In my experience...you can't.

If I tried putting my kids to bed earlier than when they are actually sleepy, I'd also be spending an hour or two doing so. Instead, I have found it easier to just wait until they are sleepy. Sometimes it's 8:30pm at our house, sometimes it's 9:30pm and other times it's been 10pm. Though most days it's usually by 9pm. Keep in mind though, that if you start to do this, it could take a couple of weeks for the child to adjust before they start sleeping in later in the morning.

We've had very early wake-ups and very late wake-ups, but the kids just seem to adjust. On a very early wake-up, we have resting time for my oldest when she seems tired, but not tired enough for napping. And my youngest still naps, so he just sleeps again whenever he's tired. He takes naps on me, so we can still go about our day and he naps in a sling.

Hope that helps!


----------



## D_McG (Jun 12, 2006)

DS is 2 and we've come to realize that our presence is no longer relaxing- it's stimulating. So we now lie with him until he's relaxed and then we get up. We tell him we'll be back in a bit and usually he'll call for us after 10 minutes or so. so we go back in.. repeat.

Overall he's going to sleep more quickly but more importantly we don't have to lie there for an hour anymore!


----------



## bottomsup (Jul 6, 2007)

I feel like all I do around here lately is second D_McG!

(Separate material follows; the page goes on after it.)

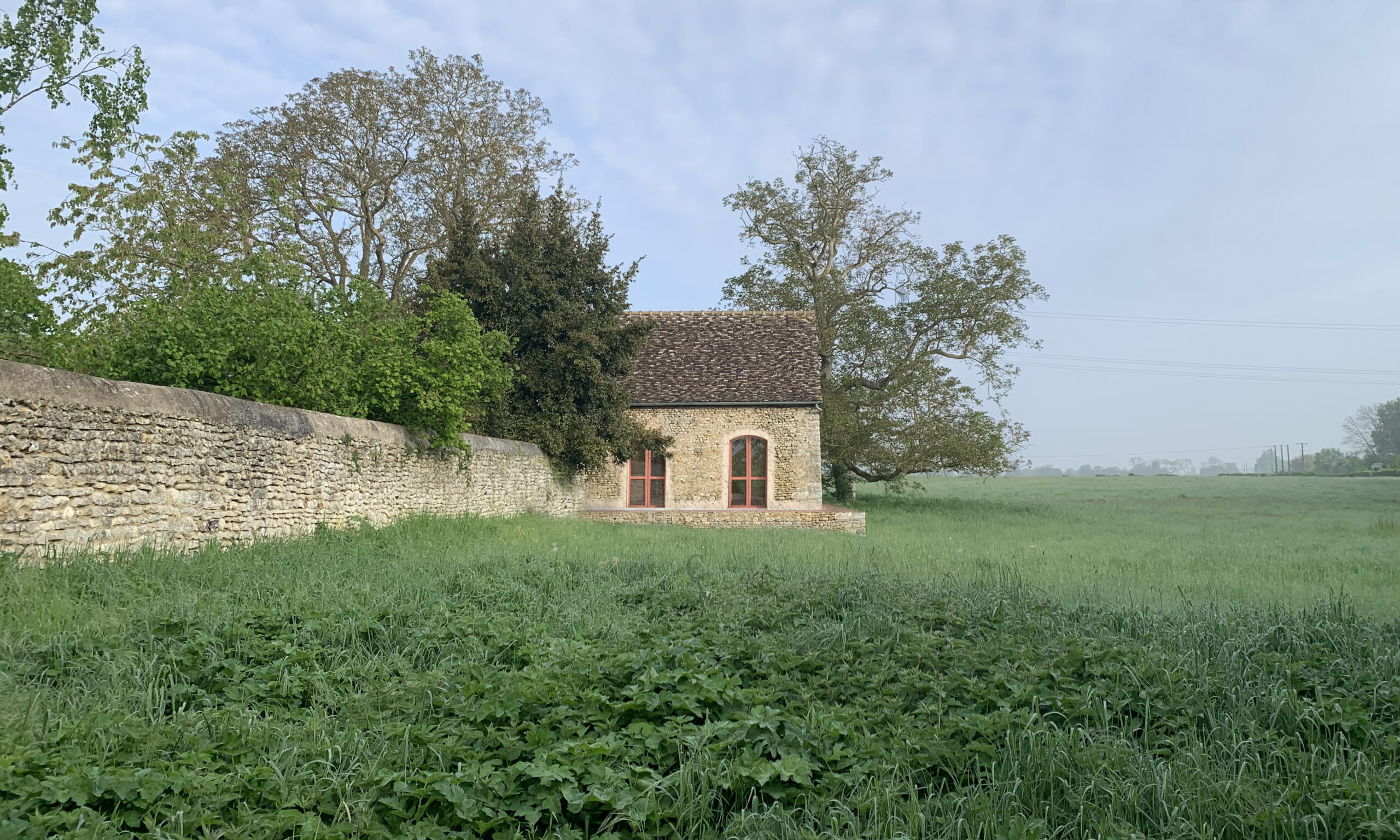 Le dessin vertical et voûté des percements permet de respecter la construction existante en répartissant les charges des épais murs de pierre. Les menuiseries sont colorées en rouge nacarat pour valoriser le vert de la prairie et renvoie aux teintes régionales.

Also, try Sleepless in America. She has some great plans for getting yourself out of the child's nighttime routine, so you are not held captive there for hours.


----------



## mean_jeannie (Mar 3, 2007)

Talk to him about the bedtime routine and how it is going to change. Tell him in advance, "we are going to do xyz, and then you are going to lie down and go to sleep." Talk up how important good sleep is so he can have a fabulous day when he wakes up, how it helps him grow. Tell him that mommy and daddy are right outside his door, it's okay, he can lie in bed until he falls asleep.

I have had great success talking to my ds, who just turned 2, about how things are going to go to prepare him. He can't say much, but he understands sooooo much.

Try it. What I described above is pretty much how I helped ds learn to fall asleep, pretty quickly, on his own.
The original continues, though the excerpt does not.